И она пришла, вернее, сначала в комнату ворвался её Эльбрус и затем явилась и вся остальная Эвридика. Женщина пыталась скрасить его величину просторной спортивной курткой, но женскому богатству помрежа было тесно в отведённом ему узилище, оно настойчиво рвалось на волю, Фаянсову казалось, будто он слышит, как тихо трещат на её куртке «молнии»-замки.
— Привет, красавчик! — поздоровалась она и впрямь тоном уличной девки.
Эвридика с первого же своего появления на студии называла его на «ты». Началось это лет десять назад, в комнату заявилась новая помощница режиссёра и — на тебе! — сразу этакое панибратство: «Я — Вера, а как зовут тебя?» Пётр Николаевич с ней детей не крестил и вместе не пас свиней, но, удивительное дело, его, тщательно оберегающего свою неприкосновенность, её фамильярность хоть и задела, однако он почему-то признал за ней право на столь вольное обращение, как признают его за ветром и дождём. Ну разве ветер испрашивает позволения, прежде чем сдуть с головы кепку или шляпу, а дождь, собираясь окатить от темени до ног?..
— Какой я тебе красавчик? — пробурчал Фаянсов с досадой. — Вот возьми, — и положил титры на край стола, надеясь тем самым поскорей спровадить Эвридику.
Приходя, она каждый раз смущала его своими словечками, а глазам некуда было деться, взгляд то и дело упирался в этот феноменальный бюст, словно тот заполнял собой всё пространство, вплоть до Вселенной, и уже некуда было его пристроить, несчастный запаниковавший взгляд.
— Не унывай! Не сиди, как бука. Мужчина чуть посимпатичней чёрта уже красавец. Слыхал? — напомнила Эвридика затёртую до дыр старую шутку и наконец взяла со стола титры.
«Сейчас уйдёт», — с облегчением подумал Фаянсов.
— Кстати, куда Карасёв дел свои туфли? Говорят, он пришёл с тобой. Приехал-то он наверняка обутым?
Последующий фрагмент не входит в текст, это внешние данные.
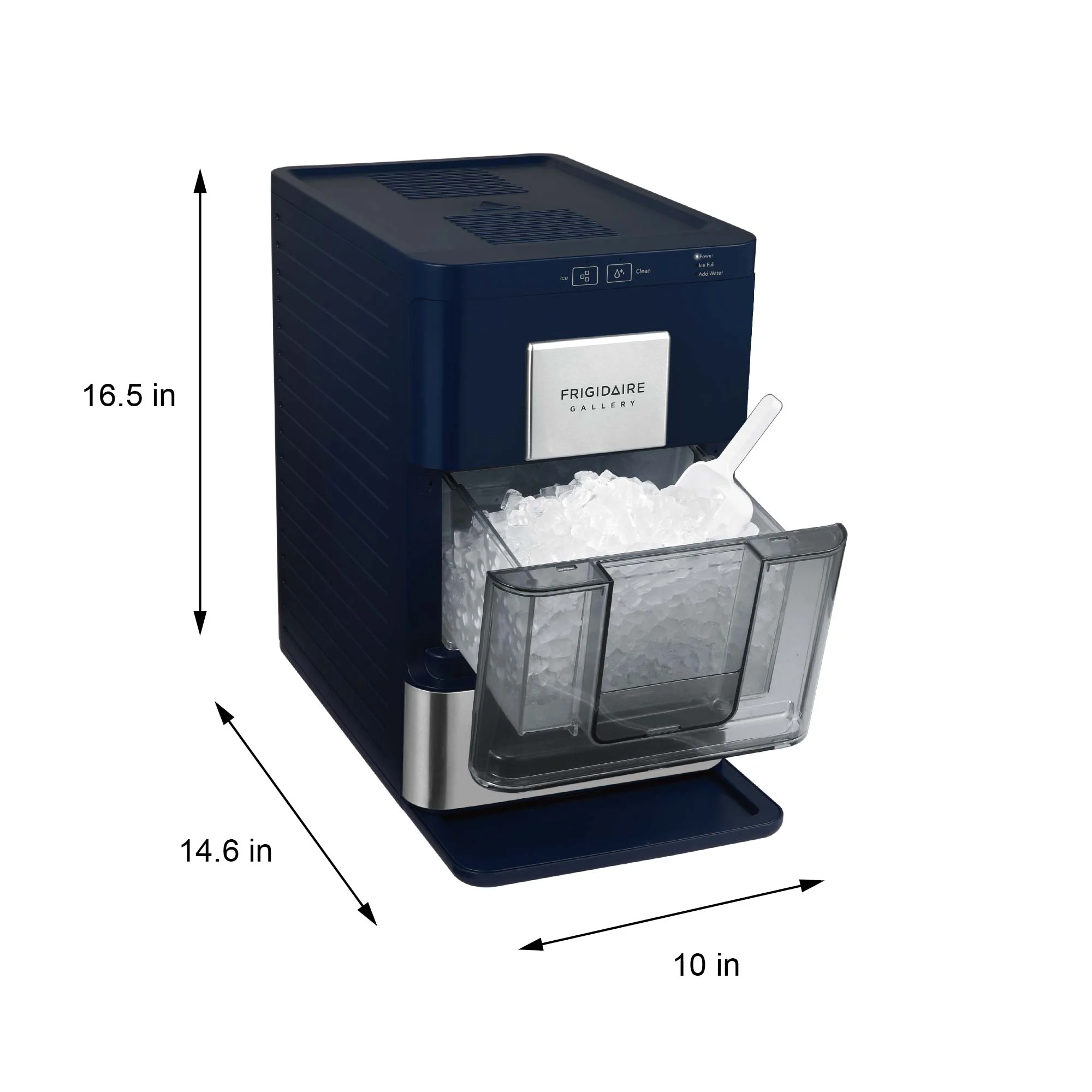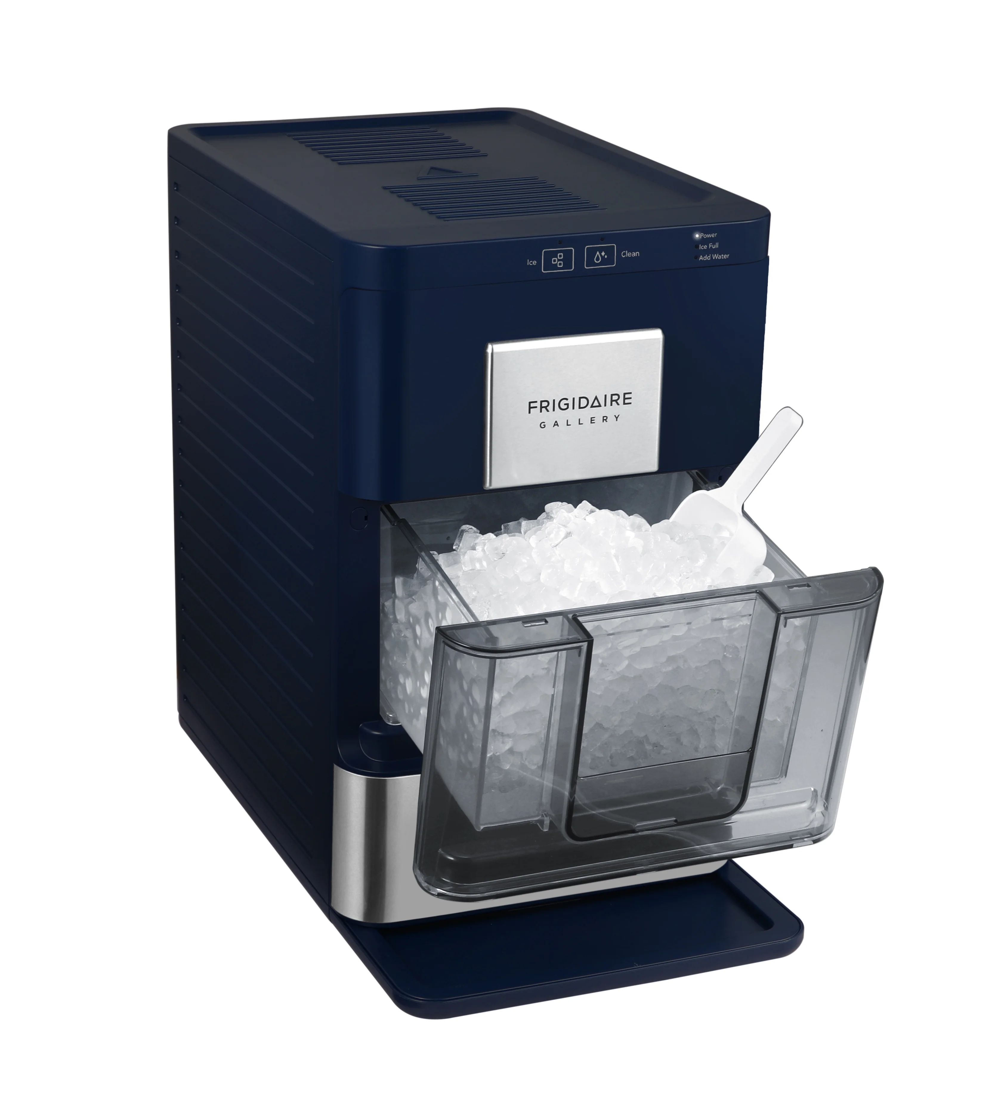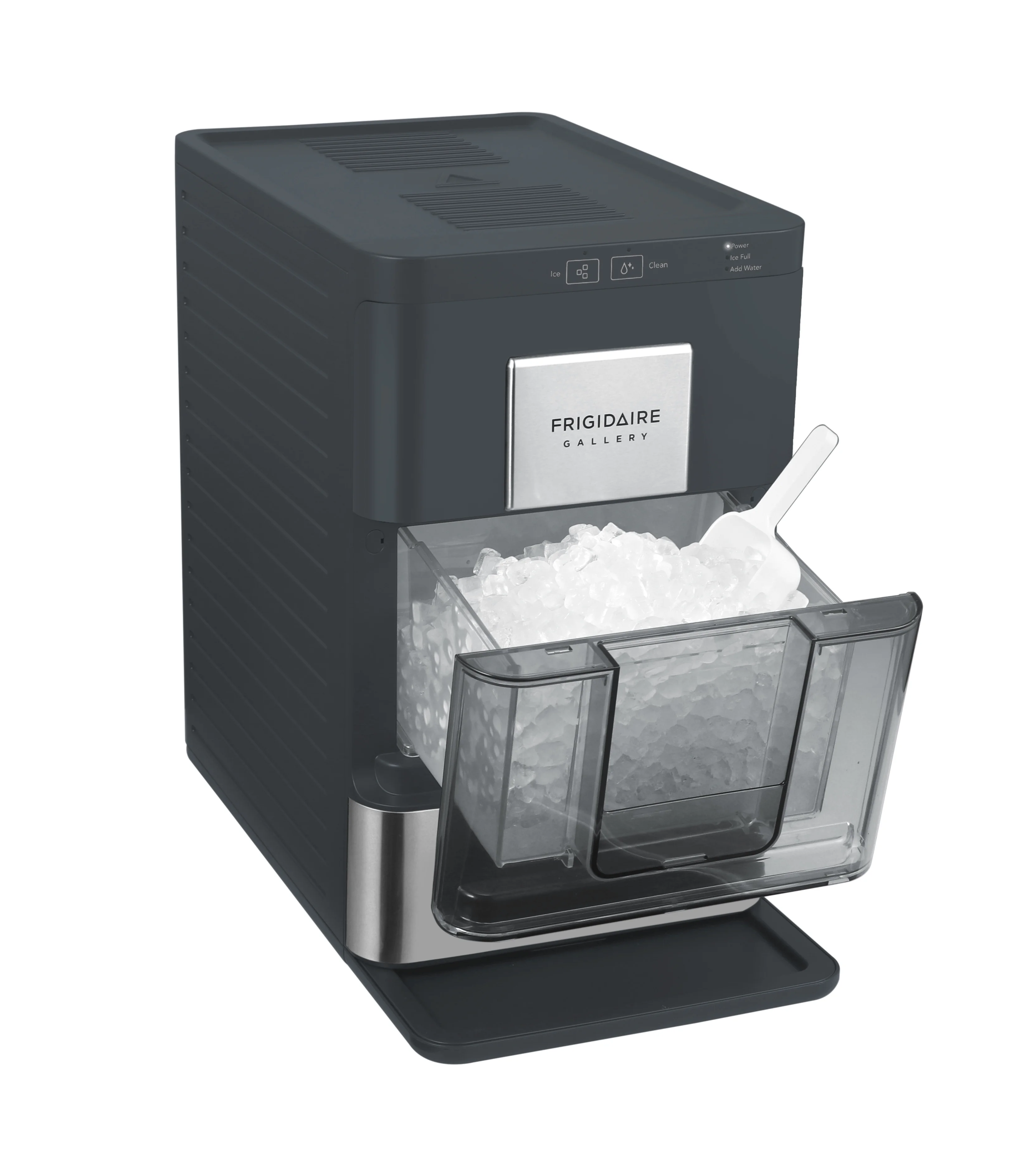 - Ice scoop included with drip tray.

Фаянсов наскоро поведал о том, где и при каких обстоятельствах разулся её режиссёр.
— Тоже мне хиппи, — посетовала Эвридика. — Ты бы посмотрел, какой у него дома бардак. Конец света! Не квартира, вокзал. Будто он у себя проездом. Топчан, стол и стул. И вся мебель!
— Ты была у Карасёва? — Фаянсов и сам удивился своему… как бы сказать… недовольству. А он и впрямь поймал себя на этом чувстве. Уличил, так сказать. Ему-то что за дело, с кем Эвридика водит шашни?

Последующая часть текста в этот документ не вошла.